The downloadable ipynb file is available on Github.

Other notes:

  • This post is intended for anyone who wants to start working with Jupyter notebooks, and assumes prior understanding of programming in Python. The Jupyter notebook is another environment to easily work with code, but the coding process is still very traditional. If you’re new to Python programming, this website is a good place to start.
  • You can use multiple versions of Python to run Jupyter notebooks by changing its Kernel (the computational engine which executes the code). I have both Python 2 & Python 3 installed, and I switch between them for different programs as needed.
  • While Jupyter notebooks are mainly used to run Python code, they can also be used to run R programs, which requires R kernel to be installed. The blog post below is a useful guide to do that: https://www.datacamp.com/community/blog/jupyter-notebook-r

Creating reports in R #Code

I’ve recently been consolidating a lot of R code from different parts of my analysis into one file. I wanted to add good documentation and explanation of results and interpretations along with my code to make sense of it later. I came across this option of creating dynamic reports that can combine our code, custom text and R output to an output document using the knitR package in R. I find it a good practice to create such reports for any analysis (wish I followed this earlier), so here’s a post on how to create them. They are very useful coz of the following reasons:

  • It is a great option to generate PDF, HTML and word reports by combining our text explanations, code, R output and graphics at one go. It saves the hassle of saving and copying text, code, output and figures separately into a report.
  • We can easily share the file with someone else with the output and explanations.
  • It is much easier to generate a new report dynamically when the input file changes, as it runs the same code and generates new output report based on the new file at one go.

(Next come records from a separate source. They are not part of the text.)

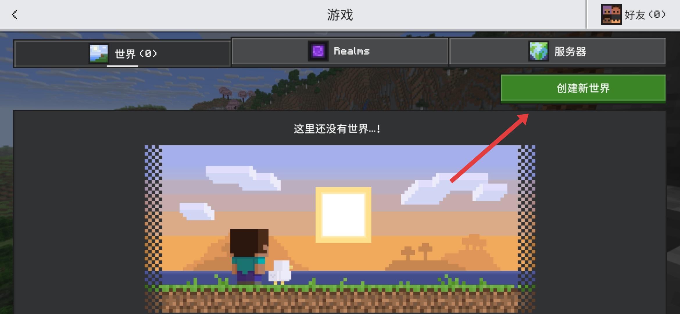 1、进入游戏主界面的世界标签页,点击右侧绿色创建新世界的按钮,启动世界创建流程。
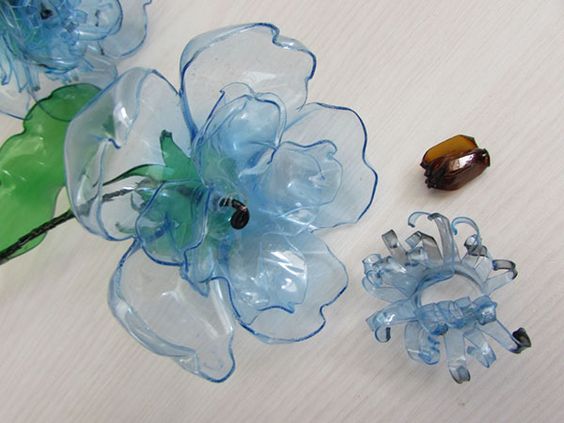 Цветы из пластиковых бутылок в этой технике хороши не только на даче, но и дома.
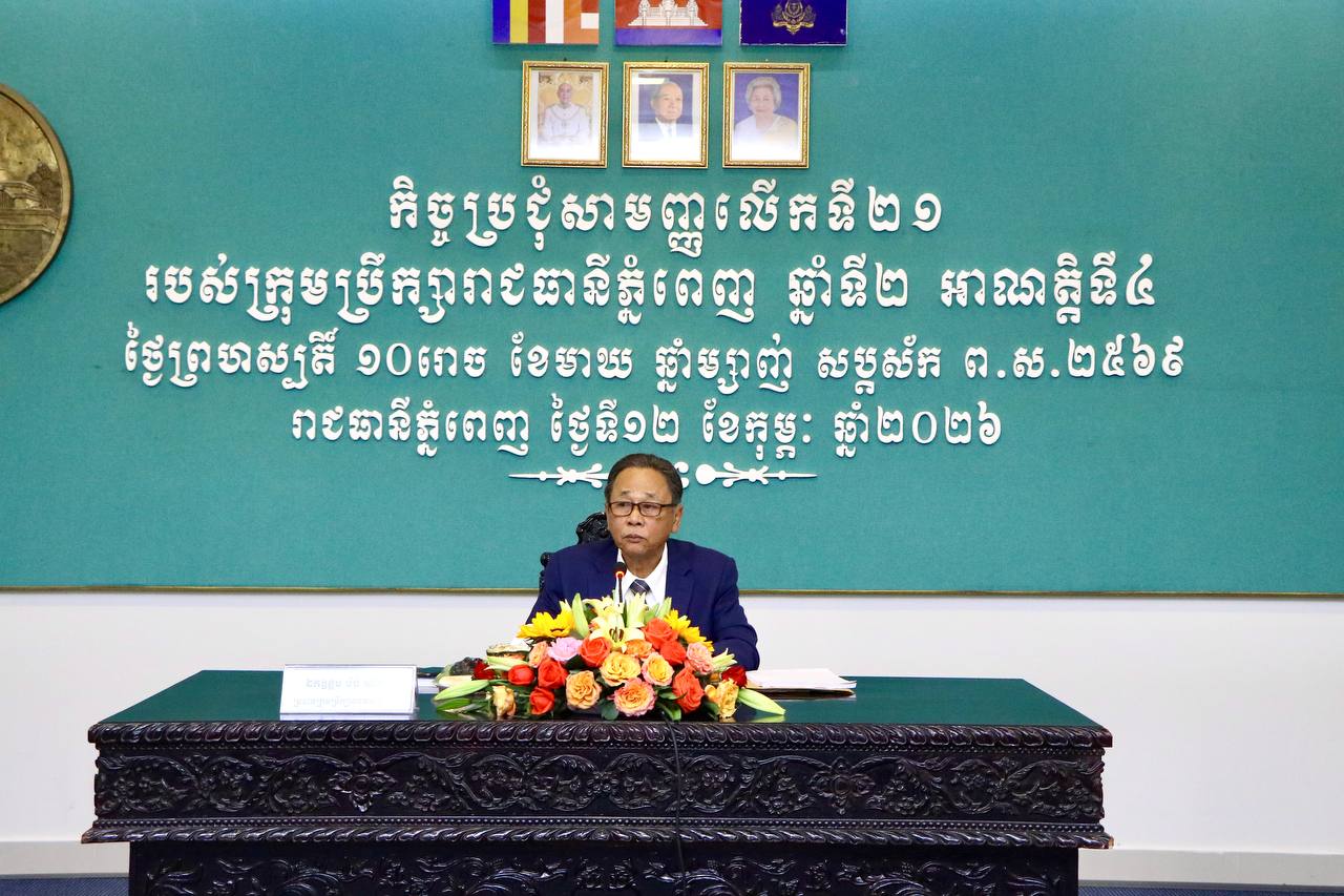 (ភ្នំពេញ)៖ ក្នុងកិច្ចប្រជុំសាមញ្ញលើកទី២១ របស់ក្រុមប្រឹក្សារាជធានីភ្នំពេញ អាណត្តិទី៤ ក្រោមវត្តមានលោក ម៉ប់ សារិន ប្រធានក្រុមប្រឹក្សារាជធានីភ្នំពេញ នាព្រឹកថ្ងៃទី១២ ខែកុម្ភៈ ឆ្នាំ២០២៦ លោក ឃួង ស្រេង អភិបាលរាជធានីភ្នំពេញ បានជំរាបជូនក្រុមប្រឹក្សារាជធានី អំពីការងាររបស់រដ្ឋបាលរាជធានី ក្នុងការទប់ស្កាត់គ្រោះអគ្គិភ័យ ការថែរក្សាសន្តិសុខ សុវត្ថិភាព ការរៀបចំសណ្តាប់ធ្នាប់សាធារណៈ ការផ្តល់សេវាជូនប្រជាពលរដ្ឋ ដោយបានបង្ក្រាបបទល្មើសគ្រប់ប្រភេទ រហូតរដ្ឋបាលរាជធានីទទួលបានការជឿទុកចិត្តពីប្រជាពលរដ្ឋយ៉ាងខ្លាំង។
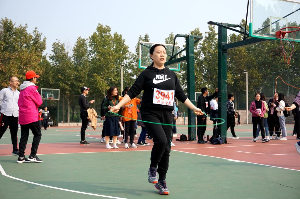 经院老师亦不甘落于学子之后,在课堂上,他们传授知识。今天在操场上,他们以自己的行动为我们树立拼搏的榜样。珠行万里、立定跳远、众星捧月、异程接力、十人投篮……经院老师们配合默契,连续斩获佳绩。教工组比赛既有学生组的紧张有序,又充斥着欢声笑语,比赛中健康与快乐双丰收。“运动场上的同台竞技,拉近了师生之间的距离,加强了师生之间的交流。不仅如此,运动会提供给了大家一个展现魅力与风采的机会,使大家能够一起共享欢乐。”面对记者的镜头,教工组参赛选手、2018级辅导员王学谈及运动会开展对同学和教工的意义。
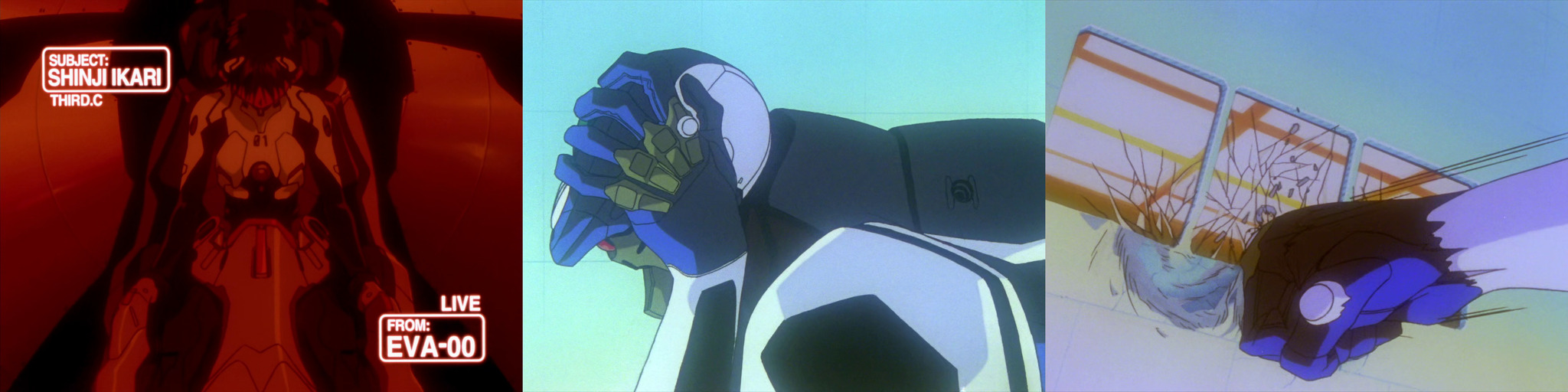 В этот же момент Синдзи находится в контактной капсуле Евы-00 и синхронизируется с ней. По началу всё идёт успешно, но вдруг Синдзи видит жутко выглядящий образ Рей, Ева-00 вновь выходит из-под контроля, начинает атаковать мостик и отключается лишь по исчерпанию внутренних батарей.
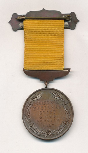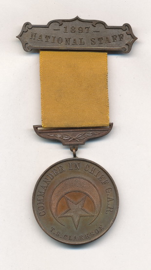Superb personal Commander in Chief badge belonging to Thaddeus Clarkson of Illinois. Born in Gettysburg, Pennsylvania, Thaddeus first mustered as a private in Smith’s Independent Illinois Light Artillery in April, 1861. He received promotions to corporal on May 2, 1861, and to sergeant on July 16, 1861 before mustering out with the battery on the same date. The battery was next reorganized and Thaddeuse re-enlisted the same day as a private in the 1st Illinois Light Artillery and mustered out November 27, 1861. Clarkson subsequently transferred to the 13th Illinois Cavalry in December, 1861, to accept a commission as a first lieutenant, where he was assigned to serve as adjutant for the regiment and was then appointed to the staff of Brigadier General John W. Davidson. Discharged for a promotion to major in December, 1863, he transferred into the 3rd Arkansas Cavalry, a regiment he helped raise and then commanded until the end of the war. He mustered out of the service on September 10, 1864. Thaddeus became active with the G.A.R., serving as Commander of the Department of Nebraska in 1890, Junior Vice Commander-in-Chief of the G.A.R. in 1892, and finally as Commander-in-Chief of the G.A.R. from 1896 to 1897. This badge dates to his final year serving as Commander in Chief and is from the 1897 Buffalo reunion. The front side of the medallion is stamped, “COMMANDER IN CHIEF G.A.R., T. S. CLARKSON”. This one is in wonderful condition as well.
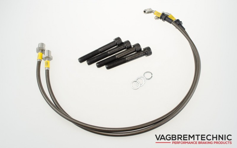 Držáky třmenu jsou vyrobené z lehkého hliníku, které jsou vyztužené železnými vložkami pro maximální pevnost. Jsou povrchově upravené anodisováním do černé barvy. Dodávané pancéřované hadice jsou vyráběné na zakázku přímo pro tento kit od HEL Performance a obsahují nerezové fitinky a hadice jsou provedené v karbonové černé podobě. Montážní kit obsahuje pevnostní M12 šrouby a kvalitní pérové podložky.
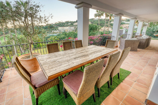 Upon entering, you will find an impressive double height hall with an elegant staircase and a vaulted finish, creating a cozy and upscale atmosphere. The villa has a spacious living and dining room attached to a beautiful south facing covered terrace. On the same floor there are 3 bedrooms each with its own bathroom. The upper level of the villa houses 3 additional bedrooms, each with private terraces offering panoramic views and en-suite bathrooms, ensuring privacy and exclusivity.
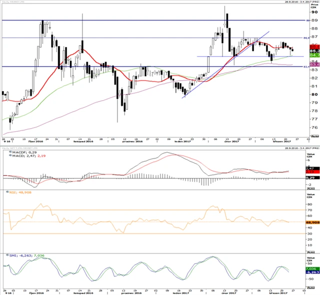 Pozvolnými kroky nahoru, následně pozvolnými kroky dolů. Cena akcií Monety Money Bank přešlapuje mezi 84 a 86. Současná cena je na úrovni 20denního průměru. RSI je v současnosti na úrovni 50bodové hranice. MACD pozvolna zvyšuje odstup od signální linie. SMI neposkytuje výraznější signál, rychlá linie je pod úrovní té pomalé a klesá, to vše se ale odehrává poblíž nulové hranice. Zásadní změnu pro příští týden neočekáváme. Nejbližší podporu vidíme na úrovni 84,50.
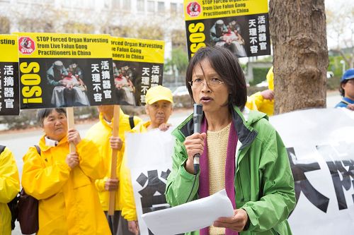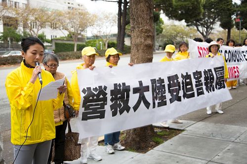 【明慧网二零一六年十月二十七日】(明慧记者舒静、穆文清旧金山报道)二零一六年十月二十五日上午,部份来自各地的法轮功学员在旧金山中领馆前举行集会,多位法轮功学员讲述了他(她)们在大陆的亲人因修炼法轮功而遭受中共迫害的经历,并呼吁各界帮助营救。
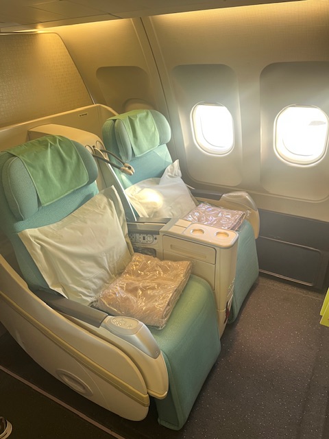 Då sitter jag på plats, bästa stolen på länge. Verkligen skönt. Första raden i business är en egen liten minikupe.
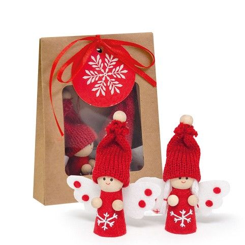 Dárek pro štěstí - textilní figurka, výška 7,5 cm, obsahuje povrázek na pověšení. Balení obsahuje 2 figurky v kraftové krabičce. Cena je za krabičku.
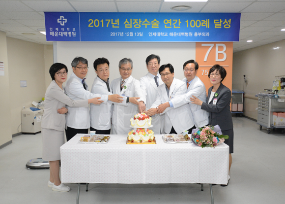 인제대학교 해운대백병원(원장 문영수)이 올 한 해 동안 심장수술 100례 달성을 기념하는 의미로 13일 병원 7층 병동에서 자축연을 가졌다.
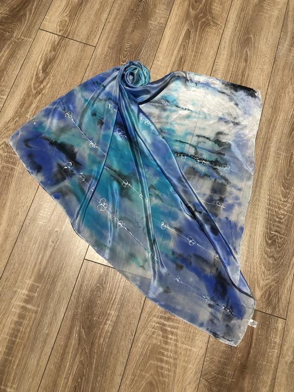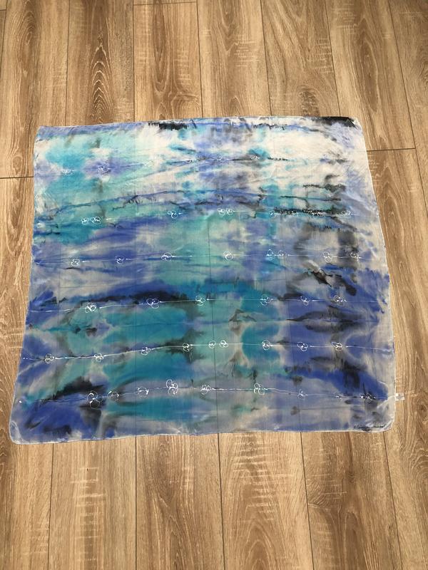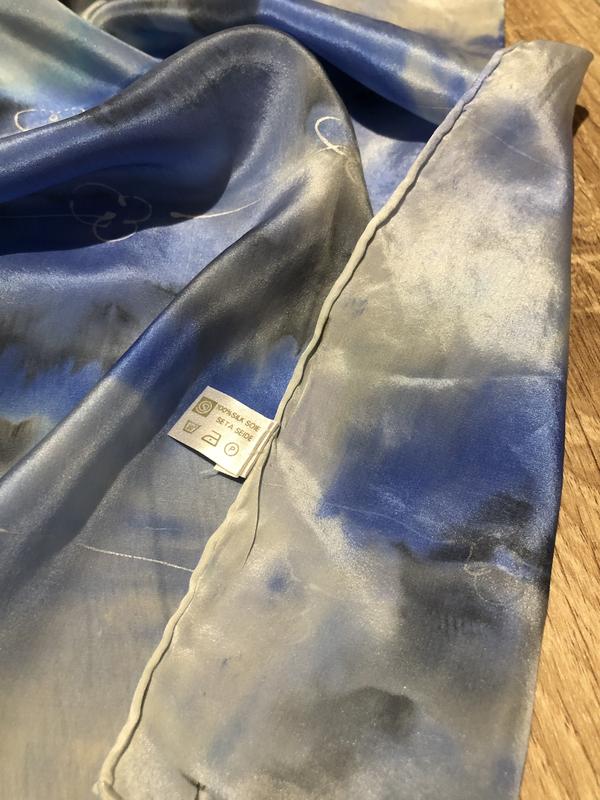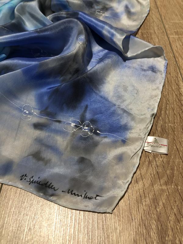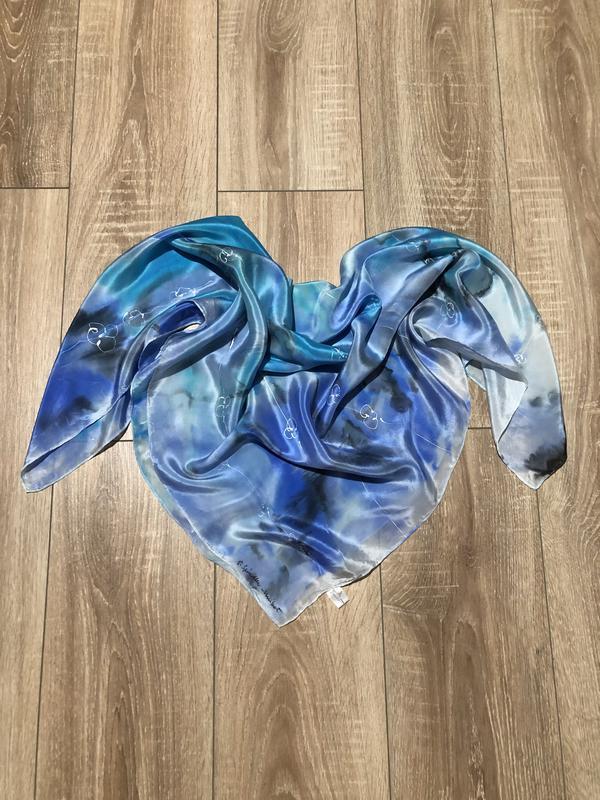 Дизайнерский нежный шелковый подписной платок Meier SeideВоздушный 100% натуральный шелк, очень нежный. Эксклюзивный принт, ручная работа и отделка края.Состояние абсолютно идеальное, размер 91*84 см.

How to create dynamic reports in R?

The first step is to create a R Markdown file (with the extension .Rmd). If you’re using RStudio, you can go to File -> New File -> R Markdown to create a Rmd file.  You should specify whether you want an output in html, pdf or word. It generated the following skeleton code for me as I specified an output pdf file:

Rmd parts
Rmd parts

Alternatively, you can write the sections in R and save it as .Rmd file. The Header section begins and ends with three dashes (—). It contains title, date and author attributes and specifies the type of output document: E.g. html_document for html web page, pdf_document for a pdf file, word_document for Microsoft Word .docx etc. The header can include other options as needed: “runtime: shiny” if it should be run as an interactive shiny app, “css: styles.css” to change the stylesheet when working with html, “toc: true” to include a table of contents etc.

The following code contains instructions along with R code to create a simple html document. It should be pretty self-explanatory to follow instructions and edit the code as needed for your own use:

---
title: "Sample Markdown file in R"
author: "Shibani"
output:
  pdf_document: default
  html_document: null
  toc: yes
---

# Main Heading of the report 
Plain text can be included as part of the report. This can be used to give introduction and explanations to your R code and results. Level 1 heading is added using '#'.

Blank line generates a new paragraph

## Including Text and Formatting 
Level 2 heading added using '##', deeper heading using '###' and so on.  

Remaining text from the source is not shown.